● **Data block**:

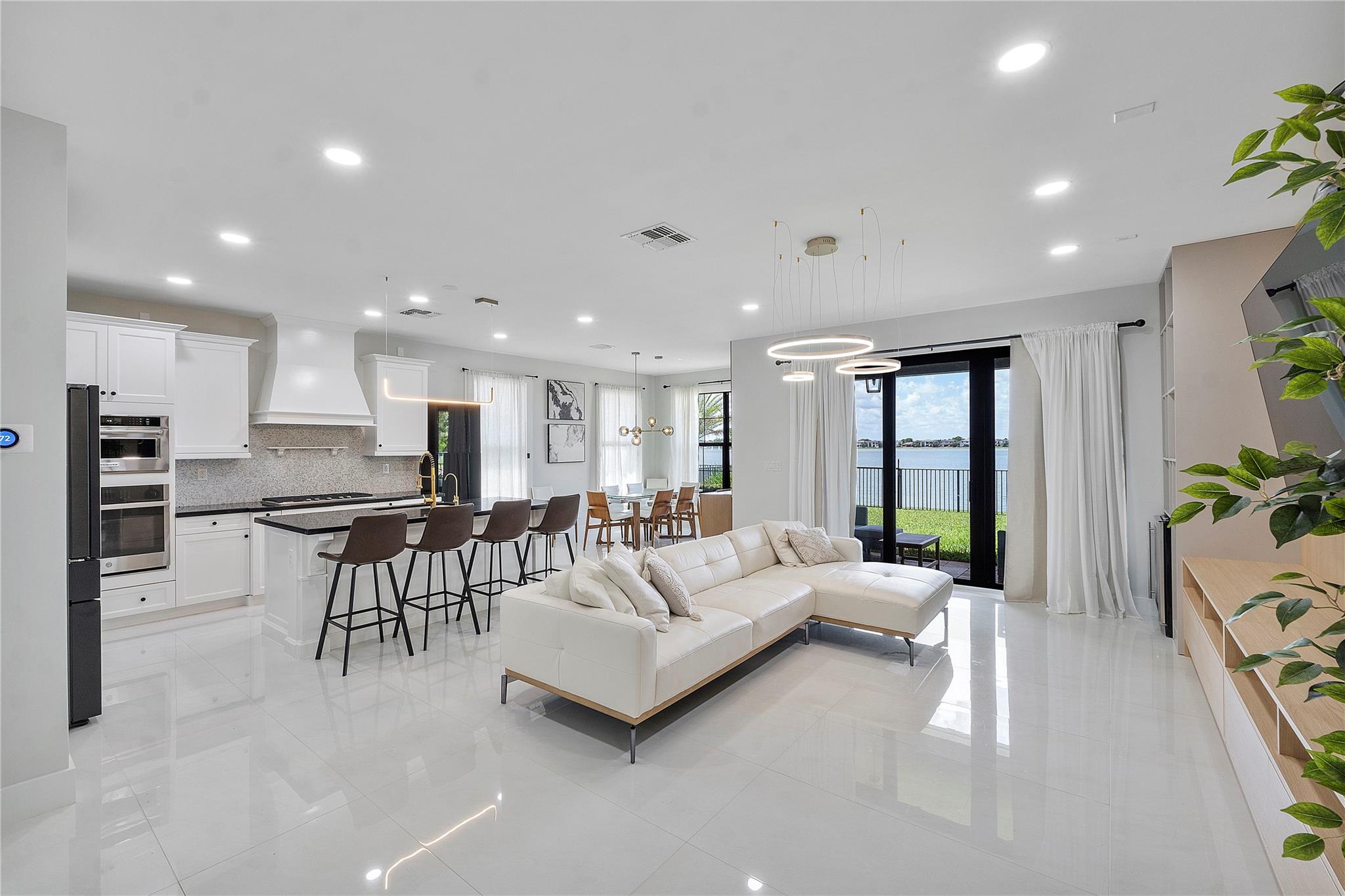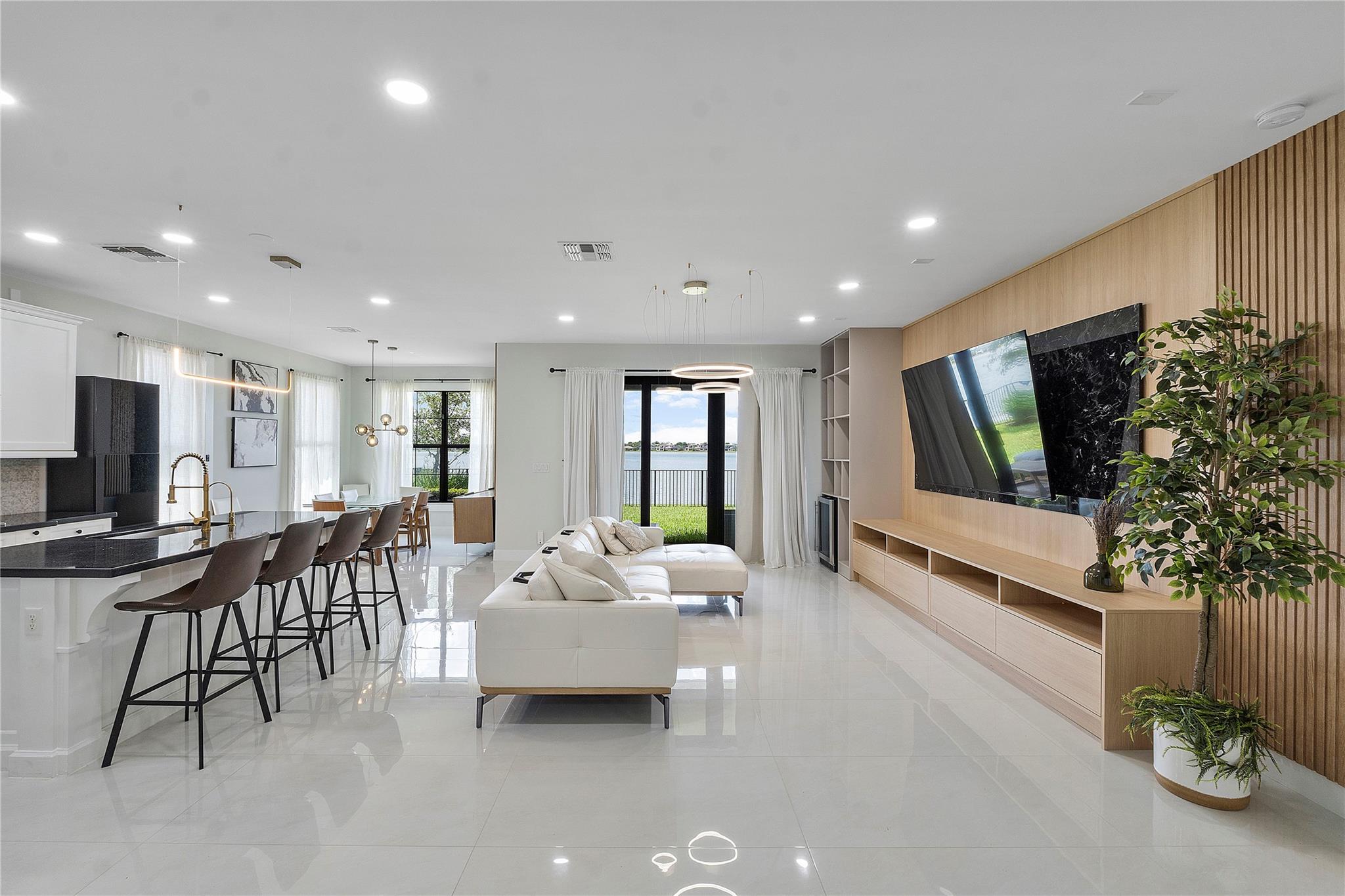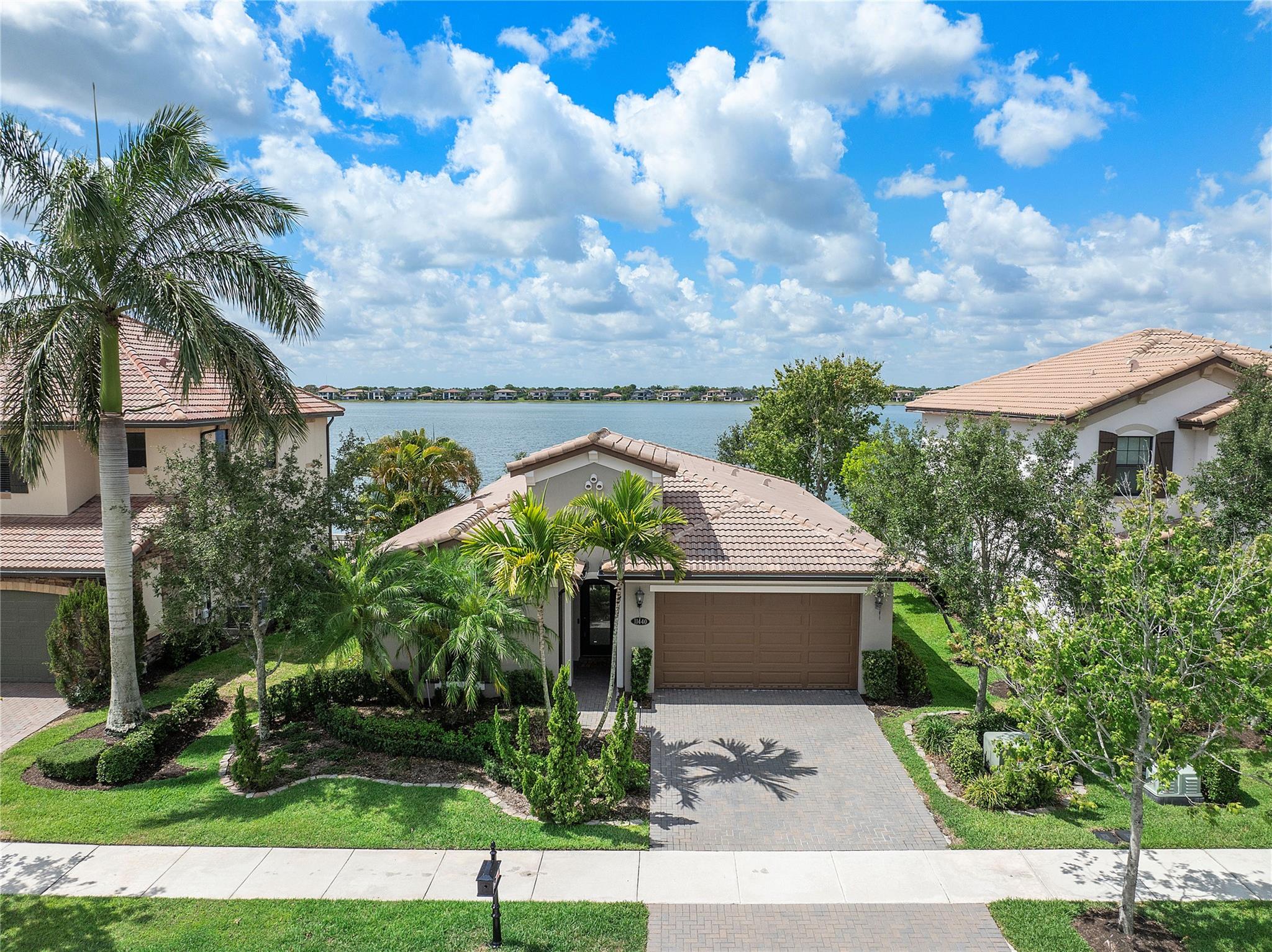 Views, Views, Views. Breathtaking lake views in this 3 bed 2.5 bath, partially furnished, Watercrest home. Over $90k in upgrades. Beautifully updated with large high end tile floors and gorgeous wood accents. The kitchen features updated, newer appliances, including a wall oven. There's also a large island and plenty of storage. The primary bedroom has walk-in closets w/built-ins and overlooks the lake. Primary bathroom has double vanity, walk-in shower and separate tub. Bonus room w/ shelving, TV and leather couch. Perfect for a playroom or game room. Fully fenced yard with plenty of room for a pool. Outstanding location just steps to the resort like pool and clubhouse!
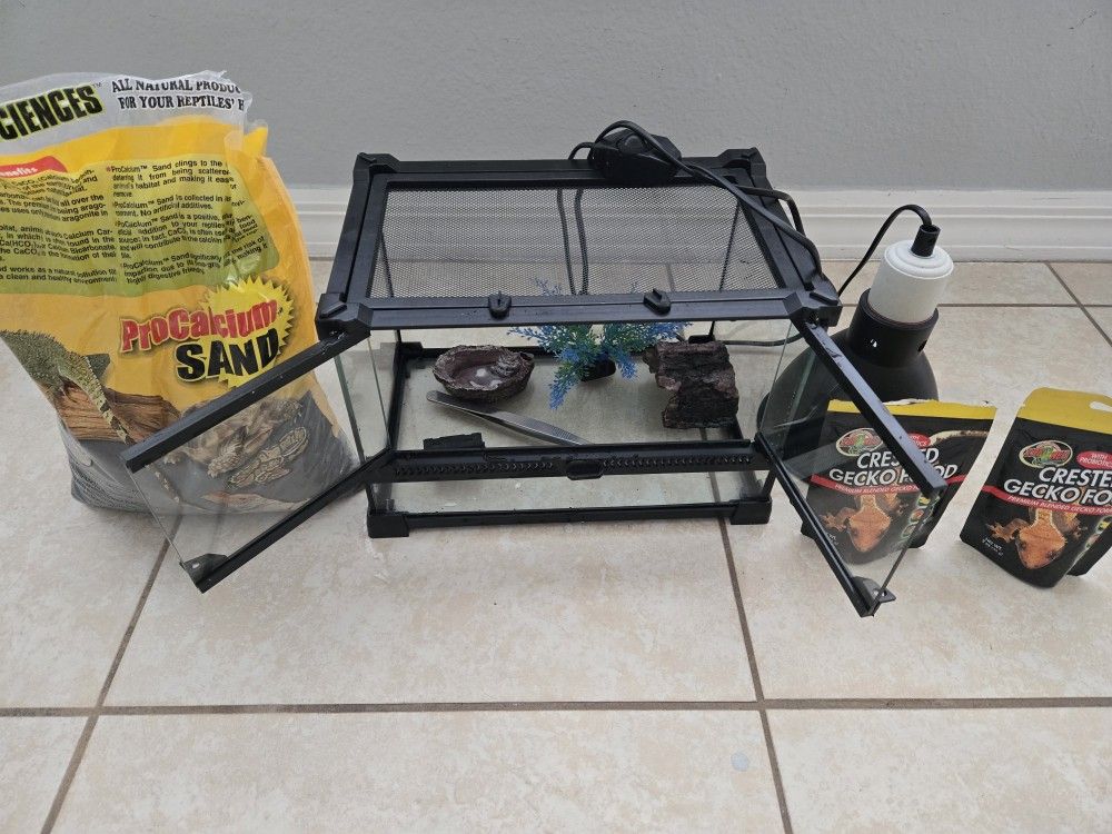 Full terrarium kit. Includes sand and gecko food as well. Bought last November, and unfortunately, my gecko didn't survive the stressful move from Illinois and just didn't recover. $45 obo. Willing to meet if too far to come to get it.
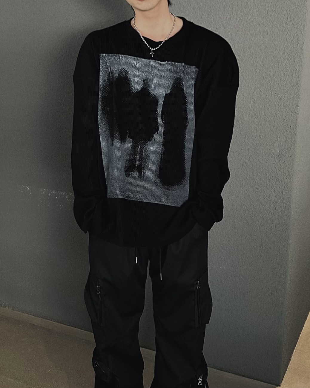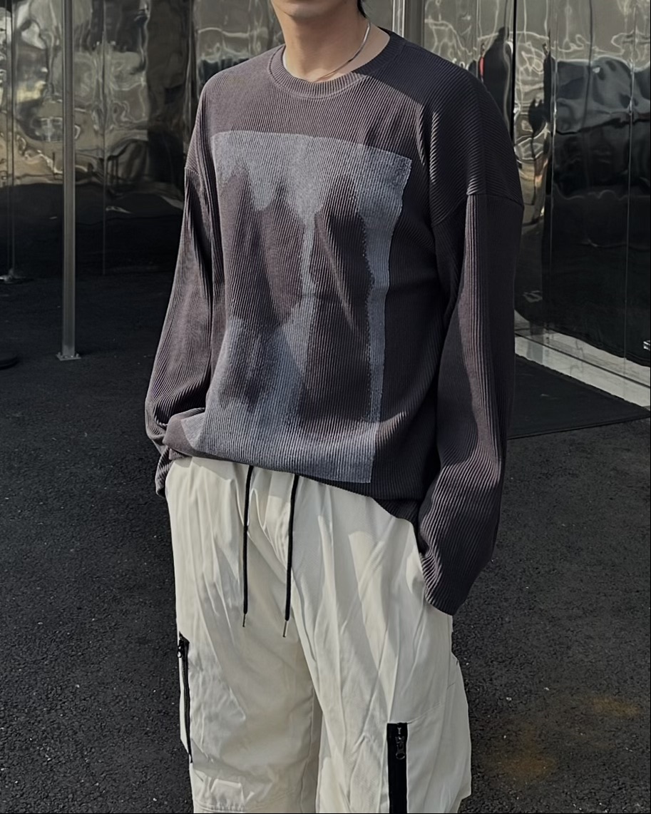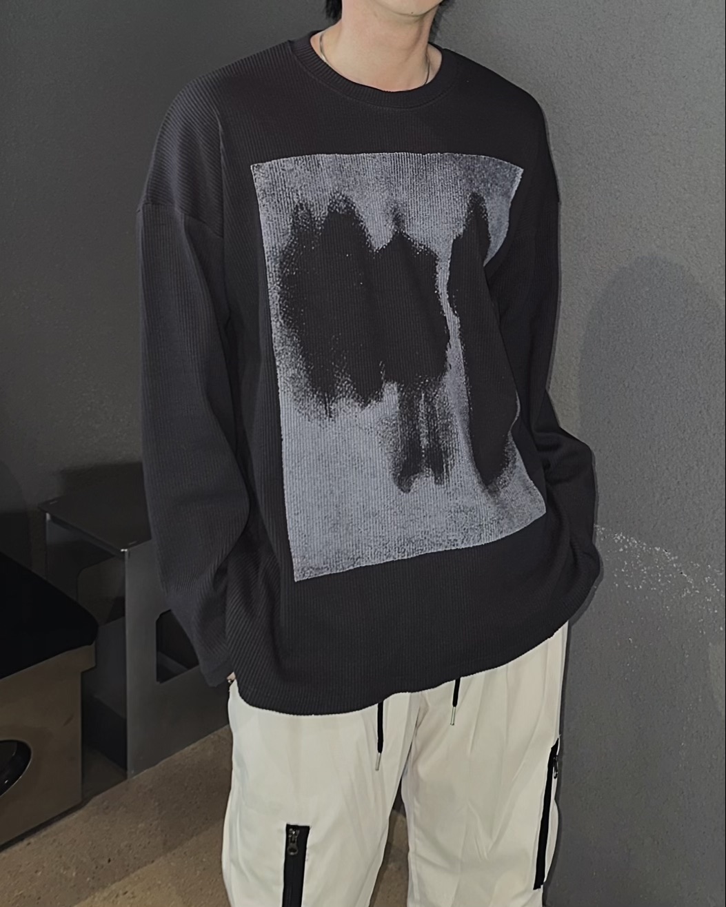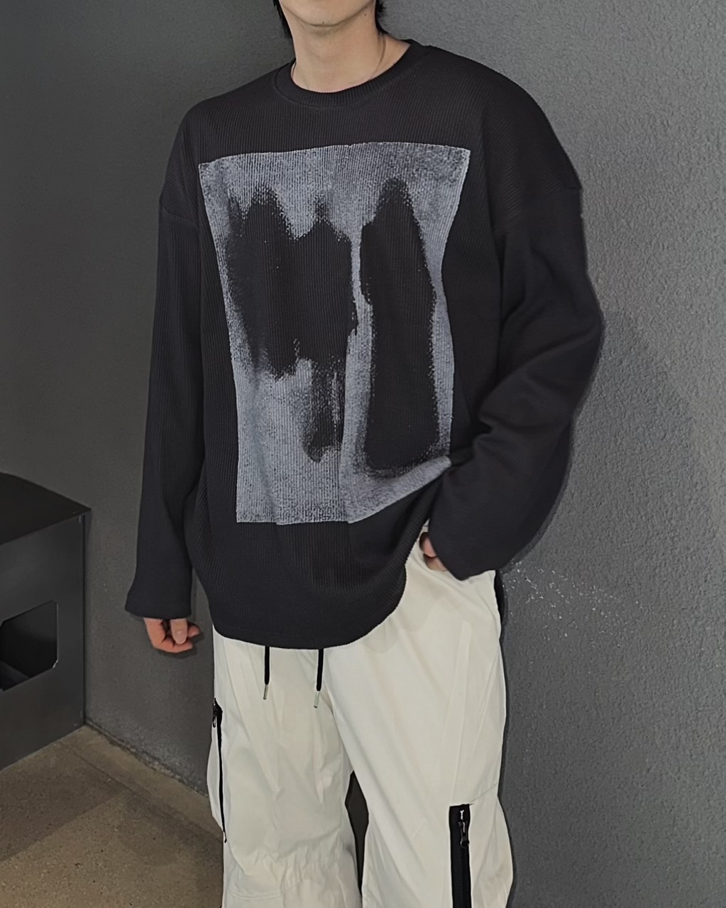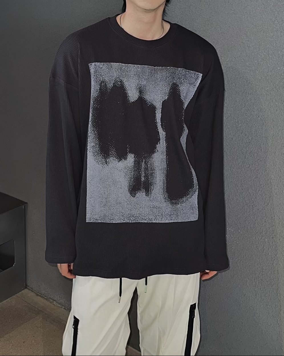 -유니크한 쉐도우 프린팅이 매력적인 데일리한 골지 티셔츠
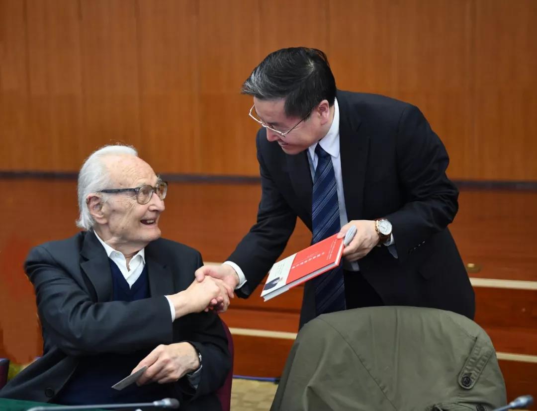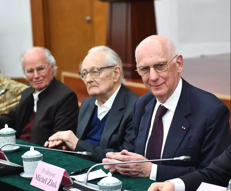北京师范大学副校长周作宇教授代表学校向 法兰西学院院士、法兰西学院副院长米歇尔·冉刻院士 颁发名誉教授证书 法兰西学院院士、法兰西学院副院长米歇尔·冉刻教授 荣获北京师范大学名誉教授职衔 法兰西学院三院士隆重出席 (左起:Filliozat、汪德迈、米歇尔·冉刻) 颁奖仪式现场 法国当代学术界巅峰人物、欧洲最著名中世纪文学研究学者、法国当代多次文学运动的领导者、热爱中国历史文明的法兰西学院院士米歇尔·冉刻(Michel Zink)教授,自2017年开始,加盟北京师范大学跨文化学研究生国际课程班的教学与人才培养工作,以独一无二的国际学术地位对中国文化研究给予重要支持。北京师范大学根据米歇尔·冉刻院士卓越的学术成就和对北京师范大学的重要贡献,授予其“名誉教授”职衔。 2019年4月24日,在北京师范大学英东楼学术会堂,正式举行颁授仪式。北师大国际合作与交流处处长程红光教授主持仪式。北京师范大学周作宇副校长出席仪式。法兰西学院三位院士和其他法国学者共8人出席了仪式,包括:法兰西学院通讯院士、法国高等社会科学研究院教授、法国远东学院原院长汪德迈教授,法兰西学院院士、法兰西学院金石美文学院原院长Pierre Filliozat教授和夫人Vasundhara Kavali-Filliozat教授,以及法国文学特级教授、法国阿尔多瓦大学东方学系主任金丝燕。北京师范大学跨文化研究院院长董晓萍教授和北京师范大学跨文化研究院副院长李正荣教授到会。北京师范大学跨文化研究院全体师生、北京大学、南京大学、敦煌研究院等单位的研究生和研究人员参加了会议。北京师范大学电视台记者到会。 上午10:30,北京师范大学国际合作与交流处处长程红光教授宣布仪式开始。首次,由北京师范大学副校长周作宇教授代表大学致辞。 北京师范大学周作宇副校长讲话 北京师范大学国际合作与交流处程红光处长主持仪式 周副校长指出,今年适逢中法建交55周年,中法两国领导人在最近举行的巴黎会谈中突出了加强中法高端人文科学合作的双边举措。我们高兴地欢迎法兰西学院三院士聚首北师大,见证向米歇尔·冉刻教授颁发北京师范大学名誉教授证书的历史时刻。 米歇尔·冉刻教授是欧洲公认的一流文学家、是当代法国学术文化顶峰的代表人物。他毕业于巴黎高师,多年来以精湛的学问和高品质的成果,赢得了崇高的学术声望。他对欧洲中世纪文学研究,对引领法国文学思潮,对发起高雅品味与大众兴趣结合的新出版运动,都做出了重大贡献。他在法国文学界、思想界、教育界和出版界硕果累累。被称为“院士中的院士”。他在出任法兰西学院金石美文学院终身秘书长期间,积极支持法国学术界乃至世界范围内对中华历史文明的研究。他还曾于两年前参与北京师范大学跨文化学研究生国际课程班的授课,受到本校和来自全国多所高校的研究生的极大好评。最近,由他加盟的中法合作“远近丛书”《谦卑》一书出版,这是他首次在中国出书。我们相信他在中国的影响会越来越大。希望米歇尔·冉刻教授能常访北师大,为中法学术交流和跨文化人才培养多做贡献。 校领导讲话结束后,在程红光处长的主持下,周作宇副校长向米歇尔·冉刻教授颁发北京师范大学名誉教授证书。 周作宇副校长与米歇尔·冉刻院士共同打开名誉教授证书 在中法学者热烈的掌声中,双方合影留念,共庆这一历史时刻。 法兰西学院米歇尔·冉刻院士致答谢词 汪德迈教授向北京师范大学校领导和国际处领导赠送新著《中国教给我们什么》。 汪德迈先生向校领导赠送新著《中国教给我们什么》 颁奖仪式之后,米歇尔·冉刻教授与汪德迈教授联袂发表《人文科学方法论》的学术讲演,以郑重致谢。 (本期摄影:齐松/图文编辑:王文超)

● **What this task involves**:
From the first line of the material to the last, retype everything exactly except the images.

● **Result**:
 Views, Views, Views. Breathtaking lake views in this 3 bed 2.5 bath, partially furnished, Watercrest home. Over $90k in upgrades. Beautifully updated with large high end tile floors and gorgeous wood accents. The kitchen features updated, newer appliances, including a wall oven. There's also a large island and plenty of storage. The primary bedroom has walk-in closets w/built-ins and overlooks the lake. Primary bathroom has double vanity, walk-in shower and separate tub. Bonus room w/ shelving, TV and leather couch. Perfect for a playroom or game room. Fully fenced yard with plenty of room for a pool. Outstanding location just steps to the resort like pool and clubhouse!
 Full terrarium kit. Includes sand and gecko food as well. Bought last November, and unfortunately, my gecko didn't survive the stressful move from Illinois and just didn't recover. $45 obo. Willing to meet if too far to come to get it.
 -유니크한 쉐도우 프린팅이 매력적인 데일리한 골지 티셔츠
北京师范大学副校长周作宇教授代表学校向 法兰西学院院士、法兰西学院副院长米歇尔·冉刻院士 颁发名誉教授证书 法兰西学院院士、法兰西学院副院长米歇尔·冉刻教授 荣获北京师范大学名誉教授职衔 法兰西学院三院士隆重出席 (左起:Filliozat、汪德迈、米歇尔·冉刻) 颁奖仪式现场 法国当代学术界巅峰人物、欧洲最著名中世纪文学研究学者、法国当代多次文学运动的领导者、热爱中国历史文明的法兰西学院院士米歇尔·冉刻(Michel Zink)教授,自2017年开始,加盟北京师范大学跨文化学研究生国际课程班的教学与人才培养工作,以独一无二的国际学术地位对中国文化研究给予重要支持。北京师范大学根据米歇尔·冉刻院士卓越的学术成就和对北京师范大学的重要贡献,授予其“名誉教授”职衔。 2019年4月24日,在北京师范大学英东楼学术会堂,正式举行颁授仪式。北师大国际合作与交流处处长程红光教授主持仪式。北京师范大学周作宇副校长出席仪式。法兰西学院三位院士和其他法国学者共8人出席了仪式,包括:法兰西学院通讯院士、法国高等社会科学研究院教授、法国远东学院原院长汪德迈教授,法兰西学院院士、法兰西学院金石美文学院原院长Pierre Filliozat教授和夫人Vasundhara Kavali-Filliozat教授,以及法国文学特级教授、法国阿尔多瓦大学东方学系主任金丝燕。北京师范大学跨文化研究院院长董晓萍教授和北京师范大学跨文化研究院副院长李正荣教授到会。北京师范大学跨文化研究院全体师生、北京大学、南京大学、敦煌研究院等单位的研究生和研究人员参加了会议。北京师范大学电视台记者到会。 上午10:30,北京师范大学国际合作与交流处处长程红光教授宣布仪式开始。首次,由北京师范大学副校长周作宇教授代表大学致辞。 北京师范大学周作宇副校长讲话 北京师范大学国际合作与交流处程红光处长主持仪式 周副校长指出,今年适逢中法建交55周年,中法两国领导人在最近举行的巴黎会谈中突出了加强中法高端人文科学合作的双边举措。我们高兴地欢迎法兰西学院三院士聚首北师大,见证向米歇尔·冉刻教授颁发北京师范大学名誉教授证书的历史时刻。 米歇尔·冉刻教授是欧洲公认的一流文学家、是当代法国学术文化顶峰的代表人物。他毕业于巴黎高师,多年来以精湛的学问和高品质的成果,赢得了崇高的学术声望。他对欧洲中世纪文学研究,对引领法国文学思潮,对发起高雅品味与大众兴趣结合的新出版运动,都做出了重大贡献。他在法国文学界、思想界、教育界和出版界硕果累累。被称为“院士中的院士”。他在出任法兰西学院金石美文学院终身秘书长期间,积极支持法国学术界乃至世界范围内对中华历史文明的研究。他还曾于两年前参与北京师范大学跨文化学研究生国际课程班的授课,受到本校和来自全国多所高校的研究生的极大好评。最近,由他加盟的中法合作“远近丛书”《谦卑》一书出版,这是他首次在中国出书。我们相信他在中国的影响会越来越大。希望米歇尔·冉刻教授能常访北师大,为中法学术交流和跨文化人才培养多做贡献。 校领导讲话结束后,在程红光处长的主持下,周作宇副校长向米歇尔·冉刻教授颁发北京师范大学名誉教授证书。 周作宇副校长与米歇尔·冉刻院士共同打开名誉教授证书 在中法学者热烈的掌声中,双方合影留念,共庆这一历史时刻。 法兰西学院米歇尔·冉刻院士致答谢词 汪德迈教授向北京师范大学校领导和国际处领导赠送新著《中国教给我们什么》。 汪德迈先生向校领导赠送新著《中国教给我们什么》 颁奖仪式之后,米歇尔·冉刻教授与汪德迈教授联袂发表《人文科学方法论》的学术讲演,以郑重致谢。 (本期摄影:齐松/图文编辑:王文超)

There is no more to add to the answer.